The National Defense Authorization Act, a major defense bill that Congress has to pass every year, was approved by the House this week and the Senate this week, though many Democrats opposed it due to a provision targeting health care for servicemembers’ transgender children. (Reps. Sherrill and Josh Gottheimer voted for it, but all other Democrats in the New Jersey delegation opposed it.)
“[My work in the House] underscored to me the importance of giving military families all the support they need and not play politics with their livelihood and healthcare,” brand-new Senator Andy Kim said of the NDAA. “That’s why I strongly opposed Speaker Johnson’s last minute effort to override bipartisan agreement and instead restrict healthcare resources that thousands of military families have used. I trust military families that sacrifice so much for our country to have the freedom to make their own decisions about healthcare.”
Also getting Congress’s approval was the Social Security Fairness Act, which eliminates limitations on the Social Security benefits received by those with certain pensions or other benefits. And other initiatives championed by New Jersey members, like Rep. Pallone’s HEARTS Act (which promotes cardiomyopathy awareness) and Rep. Chris Smith (R-Manchester)’s Autism CARES Act (which reauthorizes many of Smith’s own autism-related programs), passed Congress as well.

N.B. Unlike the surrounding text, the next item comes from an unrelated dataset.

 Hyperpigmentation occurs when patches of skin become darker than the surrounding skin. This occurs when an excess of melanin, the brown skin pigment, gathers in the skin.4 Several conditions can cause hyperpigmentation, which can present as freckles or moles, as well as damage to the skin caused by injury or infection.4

Now that the 118th Congress has ended, New Jersey’s delegation can prepare for an overhaul. Kim has already taken the Senate seat once held by disgraced former Senator Bob Menendez, and two new members – Reps.-elect Nellie Pou (D-North Haledon) and Herb Conaway (D-Delran) will assume their offices on January 3, when the 119th Congress will begin and Republicans can begin working with an unobstructed majority (though Trump won’t take office until later in the month).
It remains to be seen whether the next Congress will be as chaotic as this one, which featured multiple prolonged battles over the House Speakership, several near-shutdowns, and a general feeling that nothing was working as well as it should have. With some Republicans already threatening to throw wrenches in the January 2025 Speaker election, optimism is perhaps not in order.

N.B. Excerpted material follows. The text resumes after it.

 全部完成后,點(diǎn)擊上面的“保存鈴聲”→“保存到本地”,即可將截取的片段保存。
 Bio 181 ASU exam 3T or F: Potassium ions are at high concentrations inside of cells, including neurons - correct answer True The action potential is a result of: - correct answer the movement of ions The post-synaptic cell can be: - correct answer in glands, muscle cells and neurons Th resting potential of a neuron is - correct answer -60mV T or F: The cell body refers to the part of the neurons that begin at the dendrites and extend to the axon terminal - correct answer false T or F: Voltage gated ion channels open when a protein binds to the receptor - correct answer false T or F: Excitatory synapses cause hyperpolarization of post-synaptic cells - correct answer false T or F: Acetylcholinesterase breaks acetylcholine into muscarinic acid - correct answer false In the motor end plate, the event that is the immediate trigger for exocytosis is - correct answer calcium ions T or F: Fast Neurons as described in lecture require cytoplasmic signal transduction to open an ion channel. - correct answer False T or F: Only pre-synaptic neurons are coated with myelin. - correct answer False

Asked whether he believed the 118th Congress was a success, Rep. Jeff Van Drew (R-Dennis) gave a conditional answer, saying that Republicans were hamstrung by the circumstances they were placed in.
“I don’t know that I’d call it a success, to be honest with you,” he said. “But we are in the most difficult of circumstances: a narrow majority, we don’t have the Senate, we don’t have the executive branch. I don’t know how you could have success knowing all that. And I really believe this is a really bad administration. Now, in retrospect, even a lot of Democrats are saying, ‘My God, what were we doing?’ So how could you have a good result, with all that is going on with this administration?”

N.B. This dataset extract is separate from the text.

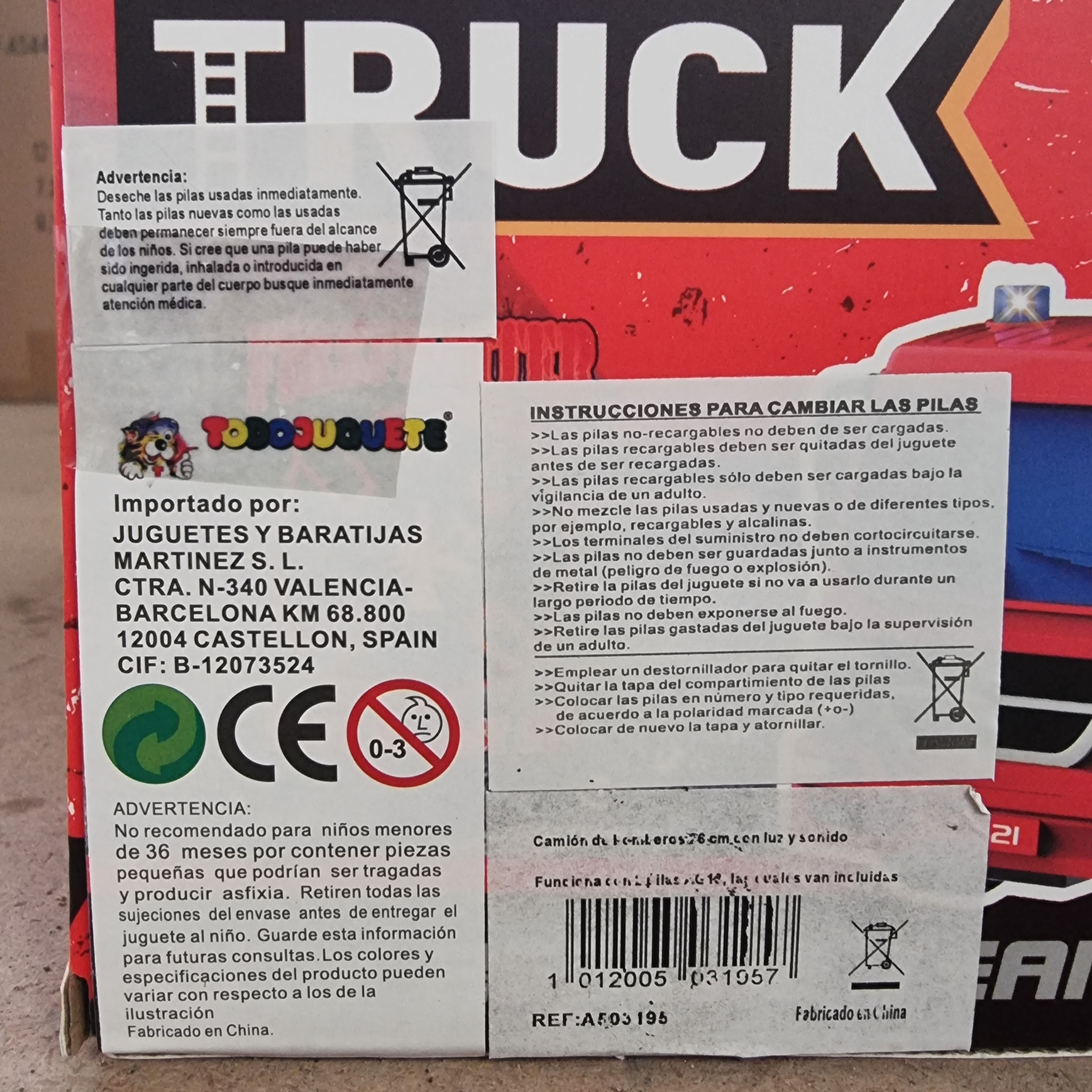 Con una longitud de aproximadamente 26 cm, este camión cuenta con ruedas a fricción, luces y sonidos realistas, brindando una experiencia de juego inmersiva.

Rep. LaMonica McIver (D-Newark), who was sworn into office just three months ago to replace the late Rep. Donald Payne Jr. (D-Newark), said that the slow pace of Congress has taken some getting used to.
“When you come from the local perspective, and you’re serving as a councilperson, you have to fix problems each and every day, very fast,” said McIver, until recently the president of the Newark City Council. “Not taking your sweet time, not thinking about it, not having 1,001 conversations about it – you just have to deliver. So coming to Congress, things are very obviously different. They’re not happening overnight.”